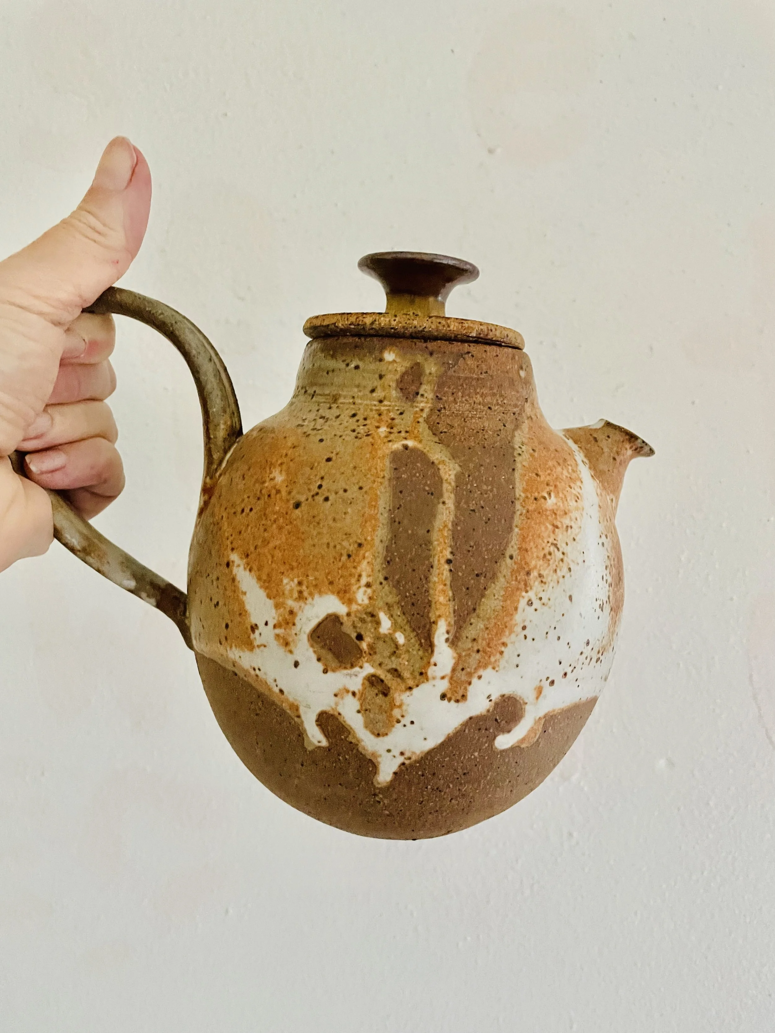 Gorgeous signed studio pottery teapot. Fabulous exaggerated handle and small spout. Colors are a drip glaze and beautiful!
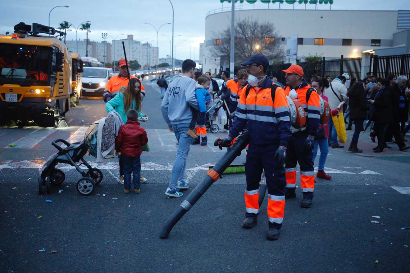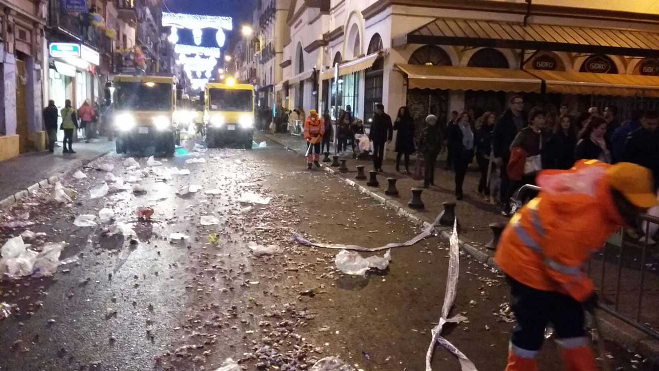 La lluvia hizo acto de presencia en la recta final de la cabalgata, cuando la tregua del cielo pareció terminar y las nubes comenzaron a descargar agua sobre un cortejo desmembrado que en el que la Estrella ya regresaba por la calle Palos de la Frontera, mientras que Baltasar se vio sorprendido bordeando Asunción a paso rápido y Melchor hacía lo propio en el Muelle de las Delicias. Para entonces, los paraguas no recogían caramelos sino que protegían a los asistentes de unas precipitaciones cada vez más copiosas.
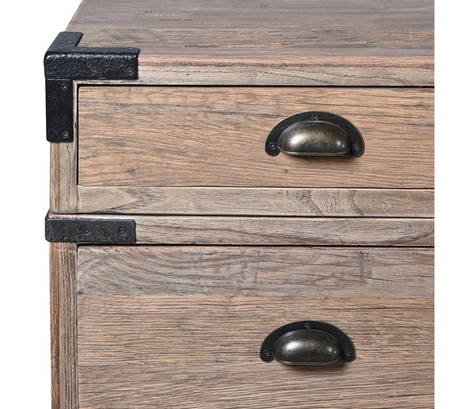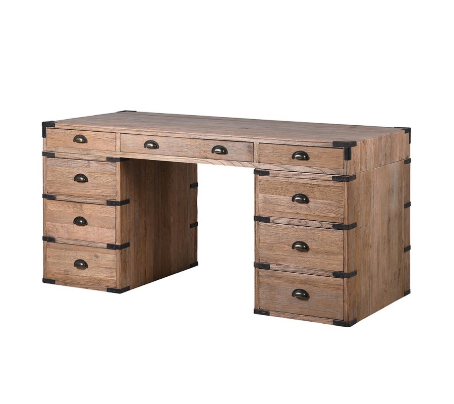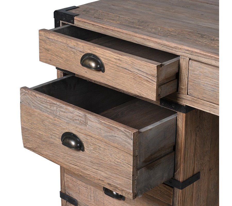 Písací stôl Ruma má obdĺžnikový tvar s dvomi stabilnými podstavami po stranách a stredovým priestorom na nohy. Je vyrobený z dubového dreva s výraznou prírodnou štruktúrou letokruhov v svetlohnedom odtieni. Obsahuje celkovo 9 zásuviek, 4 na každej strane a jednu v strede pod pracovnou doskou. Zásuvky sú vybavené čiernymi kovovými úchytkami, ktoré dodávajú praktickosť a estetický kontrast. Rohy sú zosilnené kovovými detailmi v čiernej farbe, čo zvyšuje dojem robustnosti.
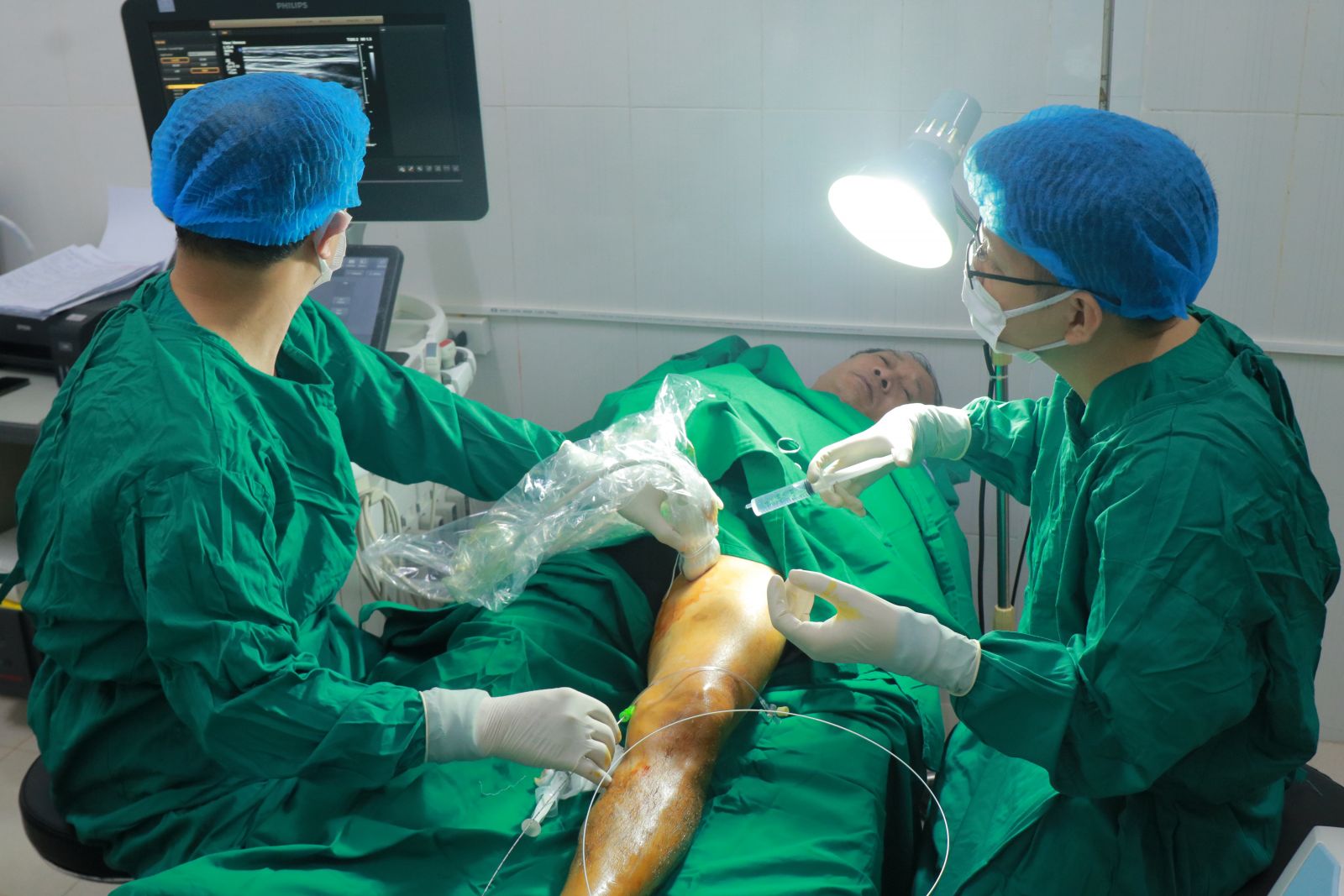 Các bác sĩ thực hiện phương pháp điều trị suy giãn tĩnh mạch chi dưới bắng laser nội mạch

...

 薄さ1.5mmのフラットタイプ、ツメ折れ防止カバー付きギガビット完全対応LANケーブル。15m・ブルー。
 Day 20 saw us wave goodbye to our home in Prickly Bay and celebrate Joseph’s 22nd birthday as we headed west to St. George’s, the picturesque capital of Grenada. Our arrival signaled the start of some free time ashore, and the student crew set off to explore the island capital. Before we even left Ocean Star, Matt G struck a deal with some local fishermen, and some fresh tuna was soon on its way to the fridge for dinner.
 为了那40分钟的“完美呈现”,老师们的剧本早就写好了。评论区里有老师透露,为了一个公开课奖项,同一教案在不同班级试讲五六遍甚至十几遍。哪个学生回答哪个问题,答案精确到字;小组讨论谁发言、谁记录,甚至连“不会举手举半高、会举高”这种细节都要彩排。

▶ **TRY IT**
Within the data above, repeat exactly the lines from the one bearing "Gorgeous signed studio" through the one bearing "Các bác sĩ thực". Include no pictures and nothing else.

▶ **WRITTEN ANSWER**
 Gorgeous signed studio pottery teapot. Fabulous exaggerated handle and small spout. Colors are a drip glaze and beautiful!
 La lluvia hizo acto de presencia en la recta final de la cabalgata, cuando la tregua del cielo pareció terminar y las nubes comenzaron a descargar agua sobre un cortejo desmembrado que en el que la Estrella ya regresaba por la calle Palos de la Frontera, mientras que Baltasar se vio sorprendido bordeando Asunción a paso rápido y Melchor hacía lo propio en el Muelle de las Delicias. Para entonces, los paraguas no recogían caramelos sino que protegían a los asistentes de unas precipitaciones cada vez más copiosas.
 Písací stôl Ruma má obdĺžnikový tvar s dvomi stabilnými podstavami po stranách a stredovým priestorom na nohy. Je vyrobený z dubového dreva s výraznou prírodnou štruktúrou letokruhov v svetlohnedom odtieni. Obsahuje celkovo 9 zásuviek, 4 na každej strane a jednu v strede pod pracovnou doskou. Zásuvky sú vybavené čiernymi kovovými úchytkami, ktoré dodávajú praktickosť a estetický kontrast. Rohy sú zosilnené kovovými detailmi v čiernej farbe, čo zvyšuje dojem robustnosti.
 Các bác sĩ thực hiện phương pháp điều trị suy giãn tĩnh mạch chi dưới bắng laser nội mạch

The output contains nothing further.